Instructor

John N. Tsitsiklis is a Clarence J Lebel Professor, with the Department of Electrical Engineering and Computer Science (EECS) at MIT and the Laboratory for Information and Decision Systems (LIDS). John N. Tsitsiklis was born in Thessaloniki, Greece, in 1958. He received the B.S. degree in Mathematics (1980), and the M.S. (1981), and Ph.D. (1984) degrees in Electrical Engineering, all from the Massachusetts Institute of Technology, Cambridge, Massachusetts, U.S.A.

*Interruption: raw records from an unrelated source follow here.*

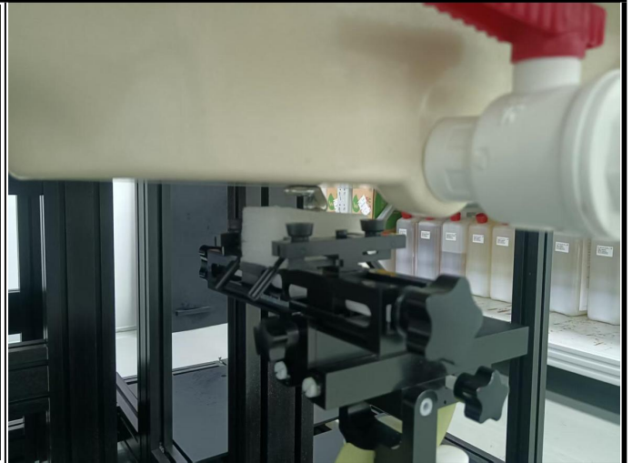
Rear Face of Right Earphone with 0 cm Gap
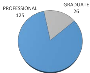
CREDIT HOURS ENROLLMENT BY CLASSIFICATION
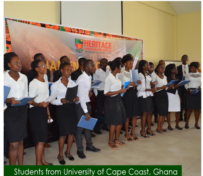
Students from University of Cape Coast, Ghana

The first session will run from 4th to 16th June, 2018. So far, 59 participants have expressed interest to participate in the maiden edition.
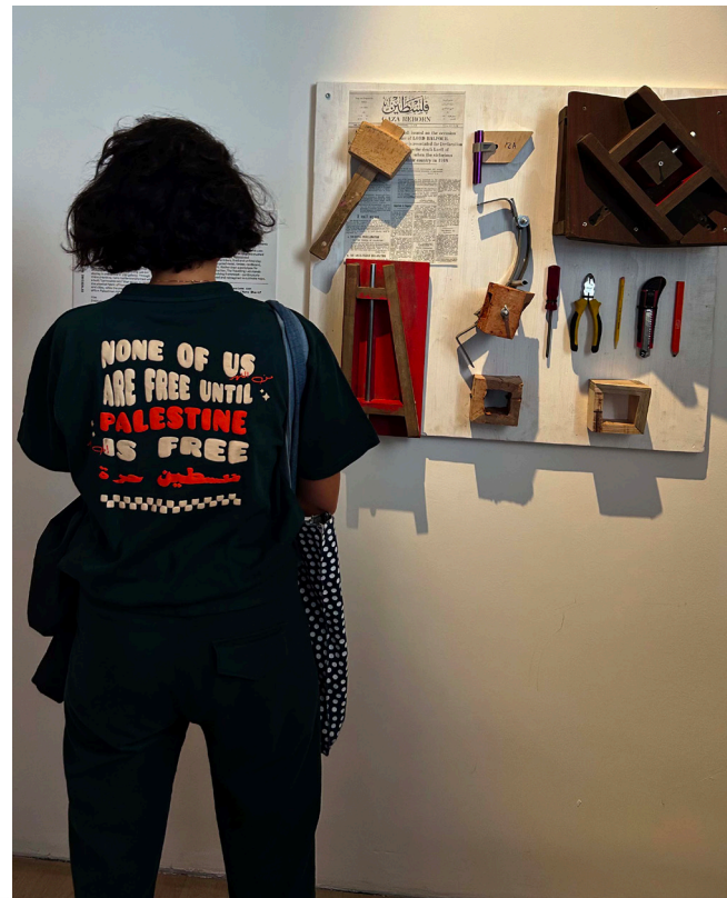
Everyday tools of repair, are displayed at the Venice International Architecture Biennale 2025, demonstrate the possibilities of construction with available materials.
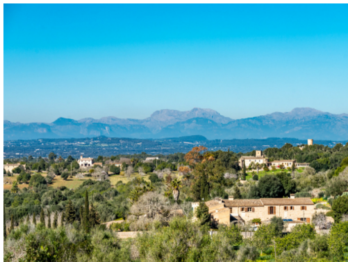
View to the sea
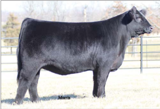
AUTO Poem 273Y, dam of Lot 10 & 11.
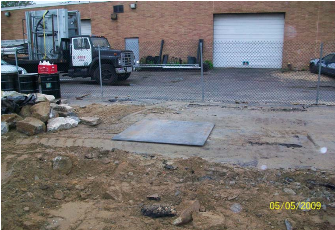
100_00553.jpg - Steel plate covering CP-8 opening
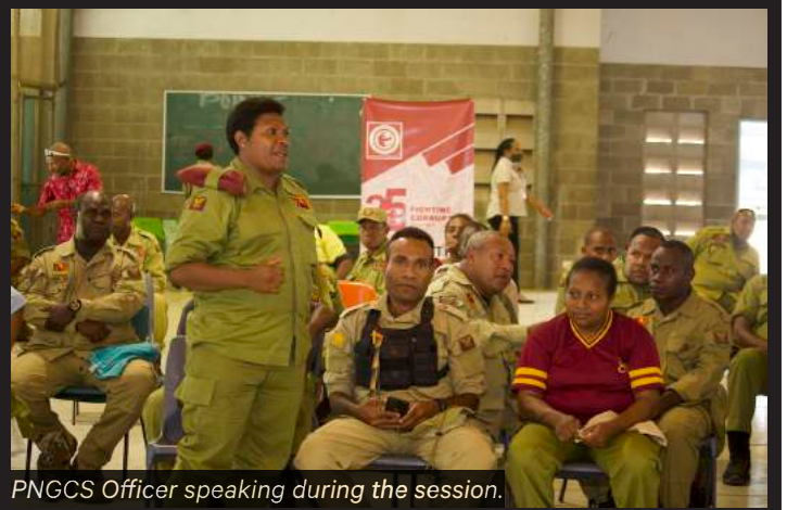
PNGCS Officer speaking during the session.

During the sessions, we presented ethical dilemmas to each group for participants to analyse what they would do if faced with such a dilemma. Discussions were held about corruption in the elections and how security forces can uphold integrity during elections and ensure a free, fair, and safe election in PNG.
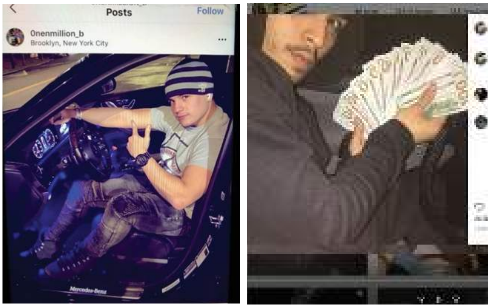
two men arrested for burglaries were found on social media bragging
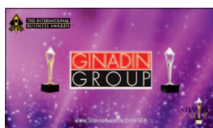
The Gina Din Group
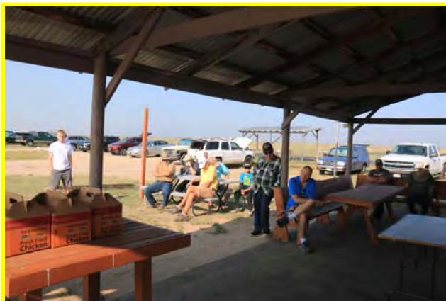
“Early club member arrivals for the Sunday morning club meeting.” +++++
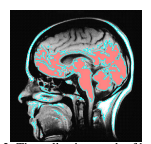
Figure 2: The collective result of brain activities while recapturing dancing skills

As discussed in Section 2, the objective is to study how volunteers respond when they reuse a skill, which they learned at least two years ago but did not practice before the start of experiment. When all the datasets are processed, each API computes a numerical value corresponding to the intensity of each region in brain segmentation. Visualization is the end result of such representation. Figure 2 shows the diagram the collective result of brain activities while recapturing dancing skills. It shows different levels of brain activities in the frontal lobe, parietal lobe, occipital lobe (these three are grey matters, the last one is situated at the back), temporal lobe consisting of corpus callosum and hippocampus (inner brain, the later one controls emotion) and brain stem (middle brain).
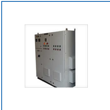
POWER FACTOR CORRECTION PANEL
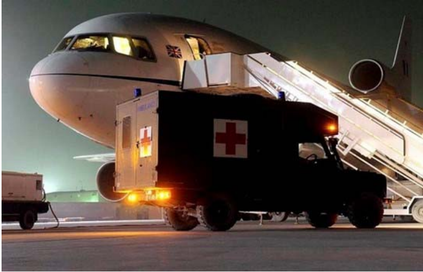
Figure 2: An Army ambulance is pictured next to a Royal Air Force Tristar aircraft at Kandahar Airfield in Afghanistan, after transporting a casualty for evacuation.

During the latest six month period 1 April 2018 to 30 September 2018 (Q1/Q2 2018/19), there were no UK Entitled civilians who sustained an injury or illness whilst on operations.
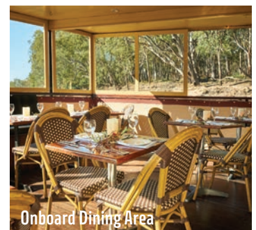
Onboard Dining Area
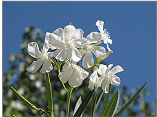
Hardy White Oleander flowers

A popular tropical shrub grown for its bright white flowers in summer; an excellent indoor accent plant for high light areas; pruning required to maintain strong structure; parts of this plant are known to be toxic
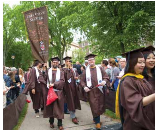
Brown University School of Professional Studies

Learn more at professional.brown.edu or by calling 401-863-7901.
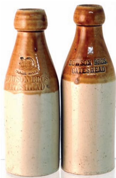
B23. DOWSON BROS/ GATES HEAD pair of impressed ch, t.t. i.s. g.b's. One example features entwined initials t.m. above - Buchan, other Port Dundas. Very good. (2) (KB) £17.70
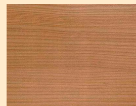
Larch No. 110-89
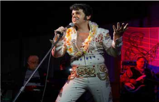
Entergy Elvis and the Legends Show
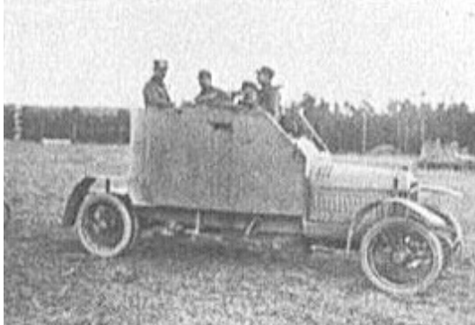
Above: Belgian Peugeot armored car, part of the Belgian "Corps des Autos-Canons-Mitrailleuses Russie".
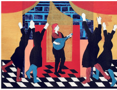
Life After Liberation Mixed media and collage on paper, 2012 40 x 40 cm Vandana Kothari

During the academic year 1983-84, he was an acting assistant professor of Electrical Engineering at Stanford University, Stanford, California. Since 1984, he has been with the department of Electrical Engineering and Computer Science (EECS) at the Massachusetts Institute of Technology (MIT), where he is currently a Clarence J Lebel Professor of Electrical Engineering.

He has served as acting co-director (Spring 1996 and 1997), co-associate director (2008-2013), and finally as the director (2017-2020) of the Laboratory for Information and Decision Systems (LIDS). He has also served as a co-director of the Operations Research Center (ORC) (2002-2005), and as a member of the National Council on Research and Technology in Greece (2005-2007) and the associated Sectoral Research Council on Informatics (2011-2013). Finally, he has served (2013-2016) as the Chair of the Council of the Harokopio University, in Greece.

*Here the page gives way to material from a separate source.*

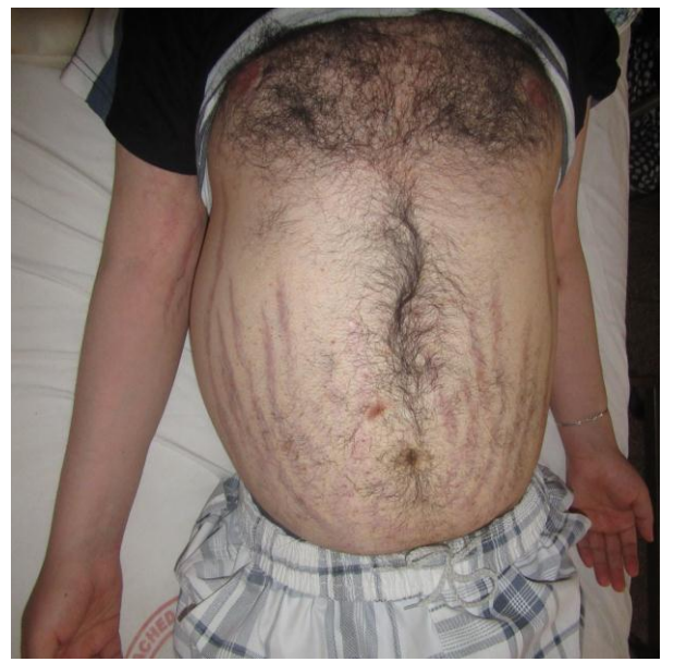
Figure 1: The image of the patient abdomen showed the truncal obesity with violaceous striae.

In absence of treatment, AVNFH can lead to a complete collapse of the femoral head necessitating total hip replacement in up to 70% of patients.<sup>[16]</sup> In case of AVNFH due to endogenous hypercortisolaemia, the majority of the described patients were treated surgically with core decompression surgeries, osteotomies or total hip arthroplasties.<sup>[9, 17-19]</sup> In some cases, the medical therapies such as bisphosphonates, non-steroidal anti-inflammatory and low molecular weight heparin (LMWH), have been evaluated with varying clinical outcomes.<sup>[20-22]</sup> Our patient received an intravenous perfusion of 5 mg of Zoledronic acid to stop the progression of the hip necrosis. There is some studies suggesting that statins can prevent osteonecrosis, but our patient was never exposed to this treatment.<sup>[23]</sup>
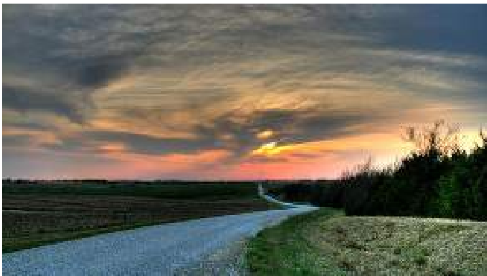
STAFF PHOTOGRAPHY Western Douglas County

How do people access mediation services? KLS provides mediation in a wide variety of cases including employment, insurance, housing and public accommodations discrimination matters, special education, and domestic matters such as custody and visitation. Kansans received free mediation assistance from KLS, which receives referrals from local district courts, the Kansas Human Rights Commission, the Kansas State Department of Education, and others. KLS also offers fee-based mediation on a sliding scale.

His research interests are in the fields of systems, optimization, control, and operations research. He is a coauthor of Parallel and Distributed Computation: Numerical Methods (1989, with D. Bertsekas), Neuro-Dynamic Programming (1996, with D. Bertsekas), Introduction to Linear Optimization (1997, with D. Bertsimas), and Introduction to Probability (1st ed. 2002, 2nd. ed. 2008, with D. Bertsekas). He is also a coinventor in seven awarded U.S. patents.

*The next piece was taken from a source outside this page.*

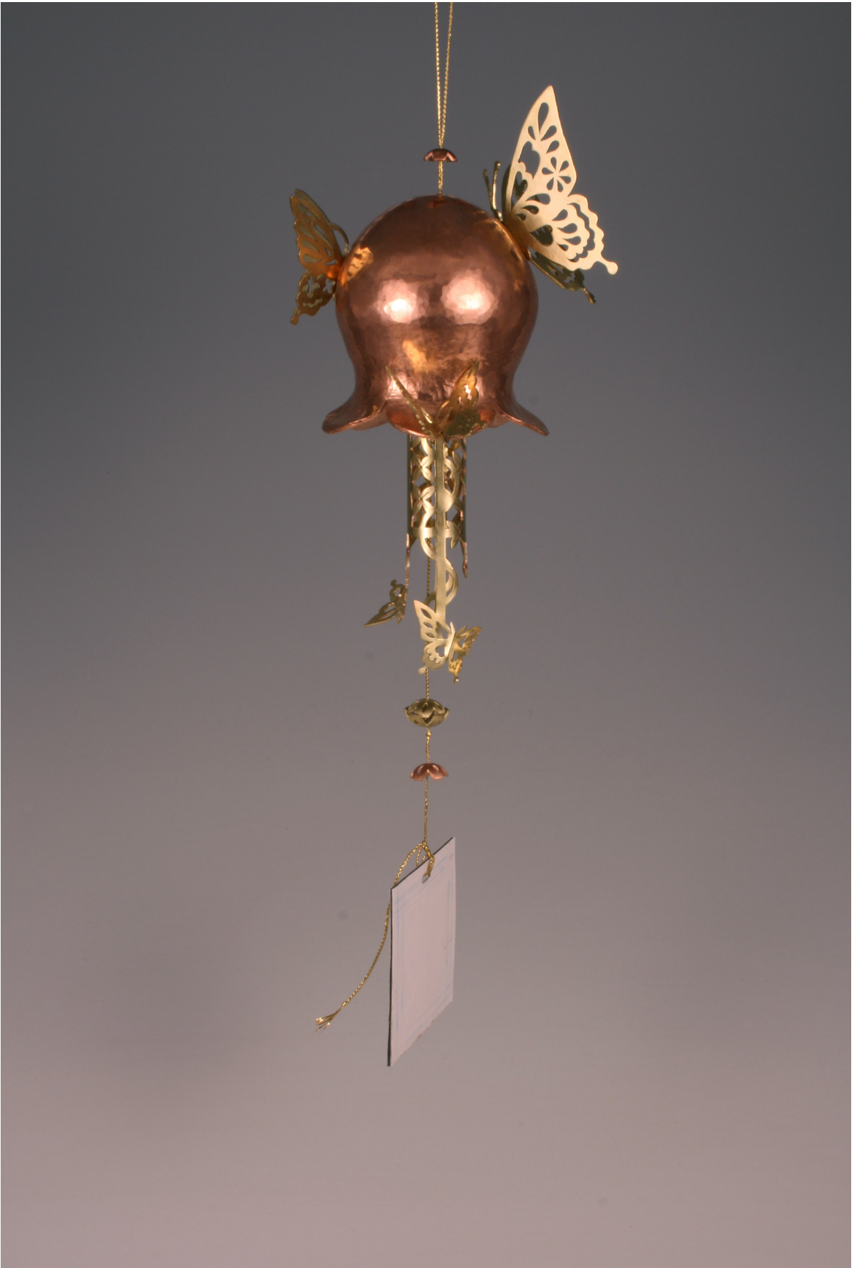
Figure 17: The blessing
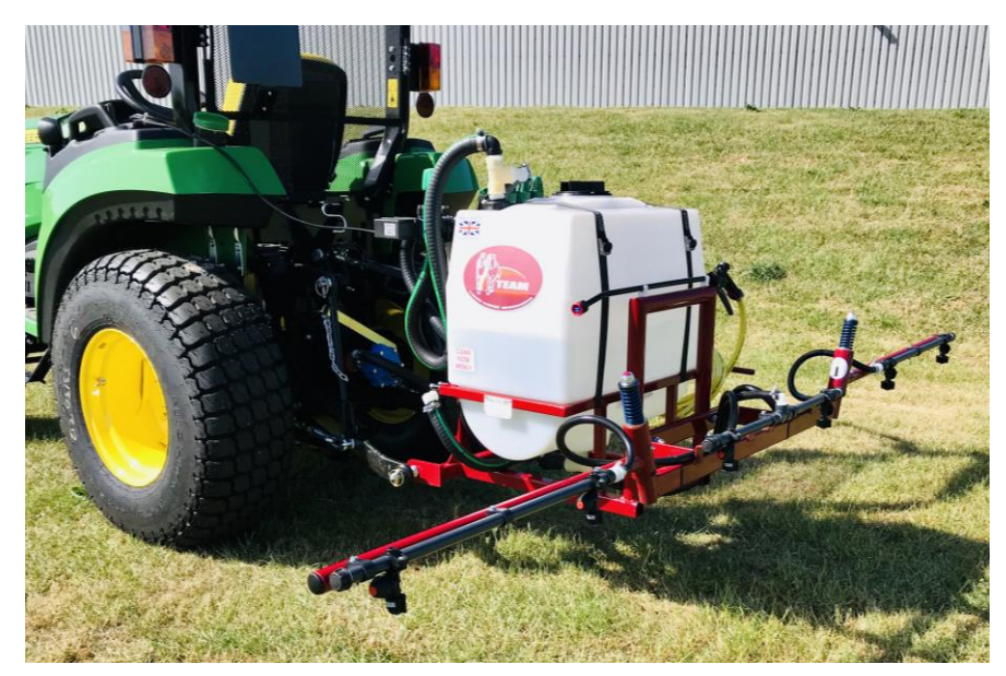
120L x 3M version with optional hand lance kit

He is a member of the National Academy of Engineering, and a Fellow of the IEEE (1999) and of INFORMS (2007). His distinctions include the ACM Sigmetrics Achievement Award (2016), the INFORMS John von Neumann Theory Prize (2018), and the IEEE Control Systems Award (2018). He holds honorary doctorates from the Université Catholique de Louvain, (2008), the Athens University of Economics and Business (2018), and the Harokopio University.